• DATA EXCERPT:
Start of Block

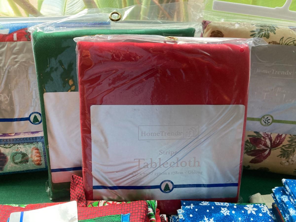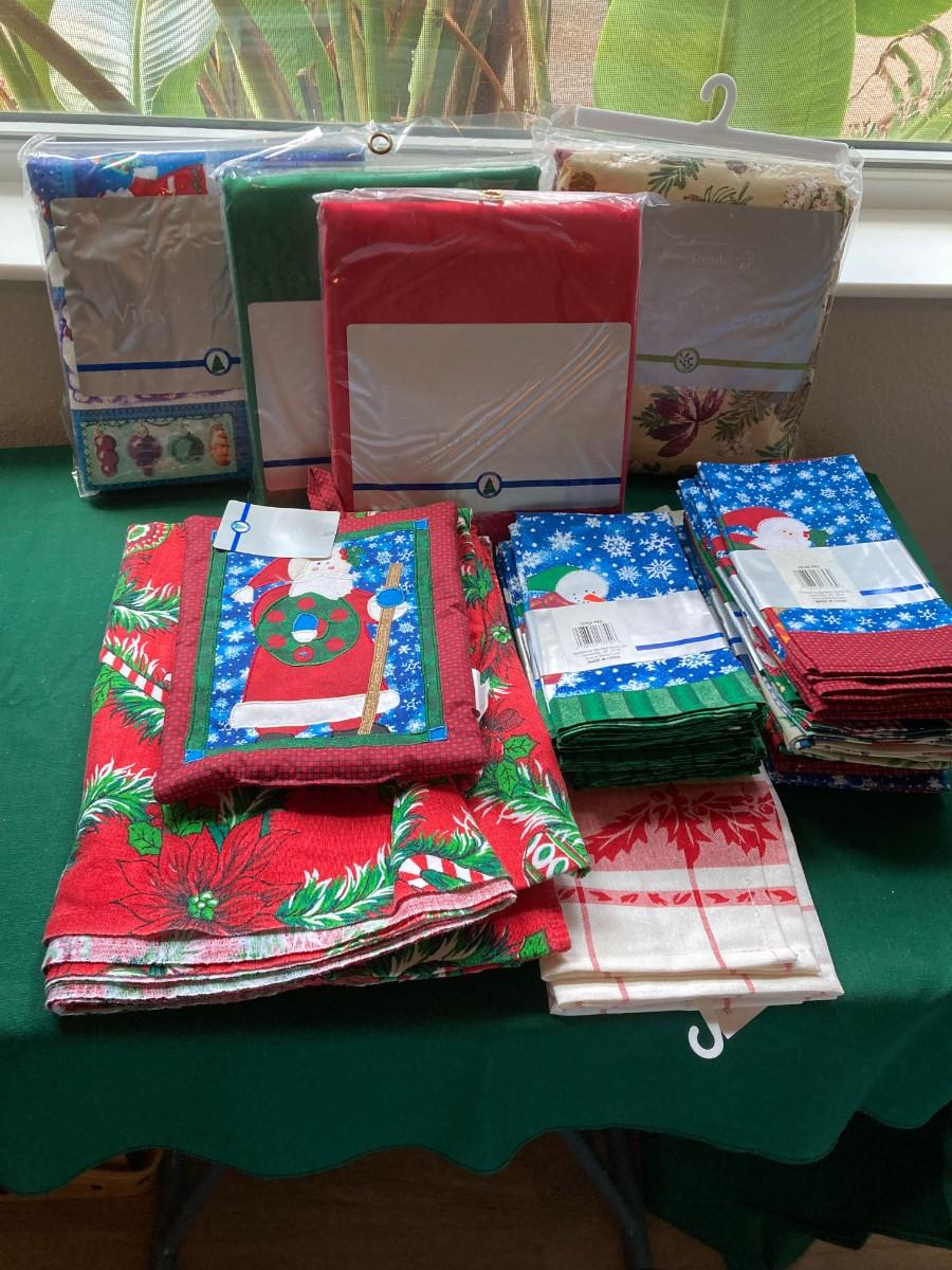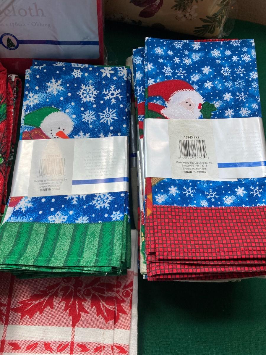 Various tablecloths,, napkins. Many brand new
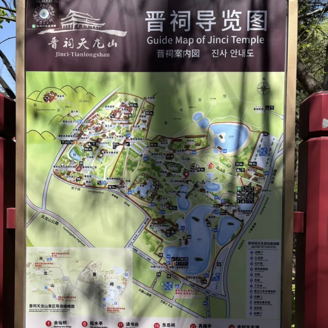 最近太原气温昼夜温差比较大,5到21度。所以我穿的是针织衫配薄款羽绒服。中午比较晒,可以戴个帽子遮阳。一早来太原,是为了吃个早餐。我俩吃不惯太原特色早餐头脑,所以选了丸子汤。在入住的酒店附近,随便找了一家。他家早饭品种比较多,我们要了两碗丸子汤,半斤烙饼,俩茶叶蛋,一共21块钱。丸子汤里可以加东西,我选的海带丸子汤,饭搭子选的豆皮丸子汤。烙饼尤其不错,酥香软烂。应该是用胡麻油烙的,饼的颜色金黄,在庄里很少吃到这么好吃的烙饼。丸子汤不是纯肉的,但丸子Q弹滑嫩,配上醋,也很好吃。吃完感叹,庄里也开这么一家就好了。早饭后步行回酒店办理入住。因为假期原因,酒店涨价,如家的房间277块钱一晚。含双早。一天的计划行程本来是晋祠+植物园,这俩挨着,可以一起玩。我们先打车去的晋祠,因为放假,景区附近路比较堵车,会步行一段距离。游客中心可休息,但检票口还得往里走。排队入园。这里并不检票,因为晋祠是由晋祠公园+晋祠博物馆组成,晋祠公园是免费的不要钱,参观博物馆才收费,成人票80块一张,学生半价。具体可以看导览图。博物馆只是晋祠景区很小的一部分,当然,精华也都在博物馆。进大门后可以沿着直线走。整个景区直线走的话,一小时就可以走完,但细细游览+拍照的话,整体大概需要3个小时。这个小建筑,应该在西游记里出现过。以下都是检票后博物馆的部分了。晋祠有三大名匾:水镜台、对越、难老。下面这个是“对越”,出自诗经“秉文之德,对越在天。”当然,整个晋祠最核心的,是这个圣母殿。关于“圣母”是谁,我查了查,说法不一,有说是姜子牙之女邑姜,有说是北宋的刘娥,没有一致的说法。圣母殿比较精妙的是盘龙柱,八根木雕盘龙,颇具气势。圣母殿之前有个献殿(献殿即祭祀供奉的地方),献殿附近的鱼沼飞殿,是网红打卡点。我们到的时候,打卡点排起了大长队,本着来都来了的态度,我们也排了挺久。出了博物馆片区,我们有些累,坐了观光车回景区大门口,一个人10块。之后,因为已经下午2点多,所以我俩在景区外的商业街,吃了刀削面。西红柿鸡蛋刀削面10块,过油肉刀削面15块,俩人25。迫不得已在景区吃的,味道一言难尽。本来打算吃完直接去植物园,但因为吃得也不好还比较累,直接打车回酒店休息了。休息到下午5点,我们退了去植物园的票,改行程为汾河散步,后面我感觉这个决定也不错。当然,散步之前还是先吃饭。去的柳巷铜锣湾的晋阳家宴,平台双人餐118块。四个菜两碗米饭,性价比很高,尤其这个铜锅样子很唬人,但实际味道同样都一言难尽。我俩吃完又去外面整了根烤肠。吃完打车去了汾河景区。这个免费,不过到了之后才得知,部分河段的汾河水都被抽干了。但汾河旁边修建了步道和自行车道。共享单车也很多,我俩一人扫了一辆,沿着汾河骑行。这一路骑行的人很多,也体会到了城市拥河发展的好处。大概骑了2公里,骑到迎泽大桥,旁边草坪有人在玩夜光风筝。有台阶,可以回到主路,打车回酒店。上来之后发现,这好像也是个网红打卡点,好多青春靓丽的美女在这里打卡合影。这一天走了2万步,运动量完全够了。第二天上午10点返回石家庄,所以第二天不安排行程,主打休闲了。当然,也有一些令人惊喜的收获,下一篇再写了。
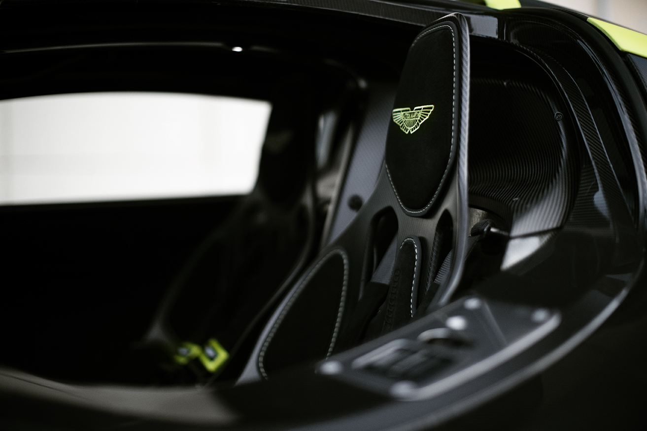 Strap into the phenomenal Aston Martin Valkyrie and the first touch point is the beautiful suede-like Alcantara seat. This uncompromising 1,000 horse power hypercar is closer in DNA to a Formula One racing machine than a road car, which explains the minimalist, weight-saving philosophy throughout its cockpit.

End of Block

• WHAT IS NEEDED: Leave every picture out. Retype the remaining data exactly.

• SOLVED PROBLEM:
 Various tablecloths,, napkins. Many brand new
 最近太原气温昼夜温差比较大,5到21度。所以我穿的是针织衫配薄款羽绒服。中午比较晒,可以戴个帽子遮阳。一早来太原,是为了吃个早餐。我俩吃不惯太原特色早餐头脑,所以选了丸子汤。在入住的酒店附近,随便找了一家。他家早饭品种比较多,我们要了两碗丸子汤,半斤烙饼,俩茶叶蛋,一共21块钱。丸子汤里可以加东西,我选的海带丸子汤,饭搭子选的豆皮丸子汤。烙饼尤其不错,酥香软烂。应该是用胡麻油烙的,饼的颜色金黄,在庄里很少吃到这么好吃的烙饼。丸子汤不是纯肉的,但丸子Q弹滑嫩,配上醋,也很好吃。吃完感叹,庄里也开这么一家就好了。早饭后步行回酒店办理入住。因为假期原因,酒店涨价,如家的房间277块钱一晚。含双早。一天的计划行程本来是晋祠+植物园,这俩挨着,可以一起玩。我们先打车去的晋祠,因为放假,景区附近路比较堵车,会步行一段距离。游客中心可休息,但检票口还得往里走。排队入园。这里并不检票,因为晋祠是由晋祠公园+晋祠博物馆组成,晋祠公园是免费的不要钱,参观博物馆才收费,成人票80块一张,学生半价。具体可以看导览图。博物馆只是晋祠景区很小的一部分,当然,精华也都在博物馆。进大门后可以沿着直线走。整个景区直线走的话,一小时就可以走完,但细细游览+拍照的话,整体大概需要3个小时。这个小建筑,应该在西游记里出现过。以下都是检票后博物馆的部分了。晋祠有三大名匾:水镜台、对越、难老。下面这个是“对越”,出自诗经“秉文之德,对越在天。”当然,整个晋祠最核心的,是这个圣母殿。关于“圣母”是谁,我查了查,说法不一,有说是姜子牙之女邑姜,有说是北宋的刘娥,没有一致的说法。圣母殿比较精妙的是盘龙柱,八根木雕盘龙,颇具气势。圣母殿之前有个献殿(献殿即祭祀供奉的地方),献殿附近的鱼沼飞殿,是网红打卡点。我们到的时候,打卡点排起了大长队,本着来都来了的态度,我们也排了挺久。出了博物馆片区,我们有些累,坐了观光车回景区大门口,一个人10块。之后,因为已经下午2点多,所以我俩在景区外的商业街,吃了刀削面。西红柿鸡蛋刀削面10块,过油肉刀削面15块,俩人25。迫不得已在景区吃的,味道一言难尽。本来打算吃完直接去植物园,但因为吃得也不好还比较累,直接打车回酒店休息了。休息到下午5点,我们退了去植物园的票,改行程为汾河散步,后面我感觉这个决定也不错。当然,散步之前还是先吃饭。去的柳巷铜锣湾的晋阳家宴,平台双人餐118块。四个菜两碗米饭,性价比很高,尤其这个铜锅样子很唬人,但实际味道同样都一言难尽。我俩吃完又去外面整了根烤肠。吃完打车去了汾河景区。这个免费,不过到了之后才得知,部分河段的汾河水都被抽干了。但汾河旁边修建了步道和自行车道。共享单车也很多,我俩一人扫了一辆,沿着汾河骑行。这一路骑行的人很多,也体会到了城市拥河发展的好处。大概骑了2公里,骑到迎泽大桥,旁边草坪有人在玩夜光风筝。有台阶,可以回到主路,打车回酒店。上来之后发现,这好像也是个网红打卡点,好多青春靓丽的美女在这里打卡合影。这一天走了2万步,运动量完全够了。第二天上午10点返回石家庄,所以第二天不安排行程,主打休闲了。当然,也有一些令人惊喜的收获,下一篇再写了。
 Strap into the phenomenal Aston Martin Valkyrie and the first touch point is the beautiful suede-like Alcantara seat. This uncompromising 1,000 horse power hypercar is closer in DNA to a Formula One racing machine than a road car, which explains the minimalist, weight-saving philosophy throughout its cockpit.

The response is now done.